Pootles2010 Thu 29-Aug-13 12:23:19

I think its good if you can -we're trying to at the moment, but its all uphill.

I know we pay about £15 a month interest, which soon adds up over the course of a year. Also, its nice to have your overdraft to fall back on - if you're in the black, its effectively a safety net, iyswim.

Bowlersarm Thu 29-Aug-13 12:28:19

At the beginning got the credit crunch Banks were sending out letters to their customers informing them that their overdraft facility would be stopped. Just like that. I think Banks have relaxed a bit over the past few years, but the fact they could do this, if they like, would worry me.

I would try and get out of it if I were you. It would put you in a much more secure place.

prettymess Thu 29-Aug-13 12:30:41

I would get your overdraft limit changed as you go along too. To £1000, £750 and so on to avoid you dipping back in.

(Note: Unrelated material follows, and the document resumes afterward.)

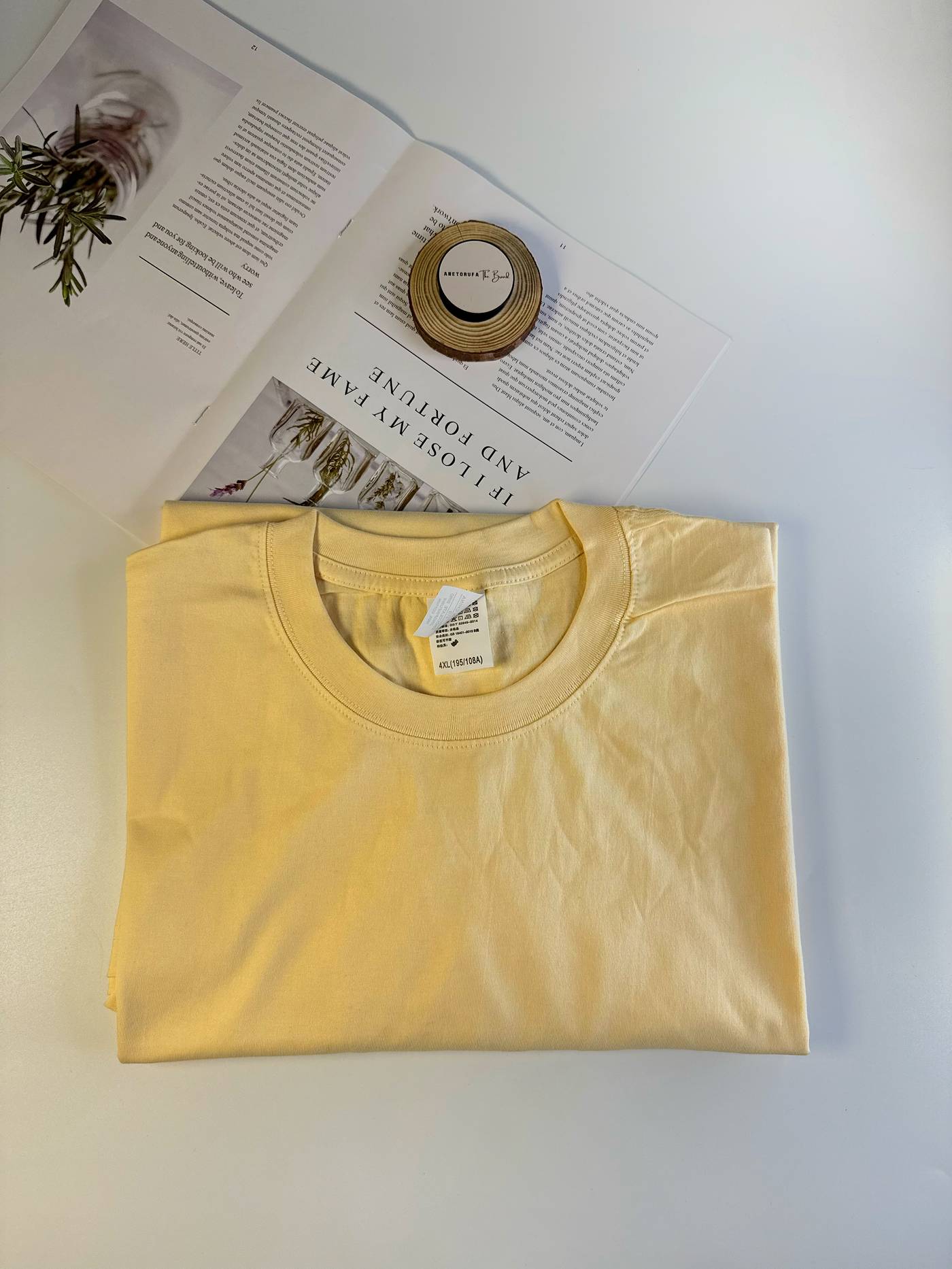 "Add a soft, warm hue to your wardrobe with our Apricot Plain Cotton T-Shirt. Made from comfortable, breathable cotton, this tee offers a relaxed fit and a smooth feel against your skin. The subtle apricot shade provides a gentle pop of color, making it a versatile and stylish addition to your everyday look."

prettymess Thu 29-Aug-13 12:31:47

Sorry, just mirroring Absy!

Fancies40Winks Thu 29-Aug-13 12:43:28

What is your credit rating like? If you don't know you can check for free on creditexpert or the like. If it's in any way decent you would be far better off transferring the debt to a 0% credit card (barclaycard are doing 0% for 2 years I think). Then that £50 would be paying off the balance not balance plus interest, and there would be no worries about the overdraft facility being removed (which was my big fear when I lived in mine.)

YonilyDevotedToYou Thu 29-Aug-13 13:44:46

Thanks for all the advice ladies. I will look into the 0% credit card thing.

cozietoesie Thu 29-Aug-13 17:08:10

And check what you're actually paying for that overdraft. I know that my brother's bank changed the rules on him a bit back. (I don't think he's truly realized yet.)

lougle Sun 01-Sep-13 20:57:08

It sounds like you could do with joining us on the You Need A Budget (YNAB) thread smile

If you're £1200 into your overdraft each month, that means that at some point you've spent £1200 more than you've earned.

The trouble with overdrafts is that they seem like 'your' money. Before DH and I had a radical change to our circumstances (bankruptcy), every single time our OD limit went up, you could guarantee that we would be at limit each month. That's because our mindset was that our available funds were income+OD. Madness.

We're 6½ years post-bankruptcy and have never been more than £2-3 overdrawn, 2-3 times in that time. Now, we get a cold sweat if our balance goes below a certain amount.

YNAB is a budgeting method which puts your income into 'envelopes' so that you are budgeting every £1. That way, you can budget an amount towards your overdraft each month, meaning that you'll gradually get to a point where you aren't in OD.

Trigglesx Mon 02-Sep-13 09:15:38

I have been regularly in my overdraft for quite a while. I've recently had to really push myself, and now I'm about £20 into it, which will be gone tomorrow. My goal this month is to remain completely out of the overdraft for the remainder of the month, and from tomorrow on. It means I will have to be more alert to spending habits and not use it as a catchall for little expenses. It's just laziness on my part, IMO, letting it go in there regularly. Money can be tight, but I have been lax about organising my expenses. Obviously others have more pressing reasons to be in their overdraft.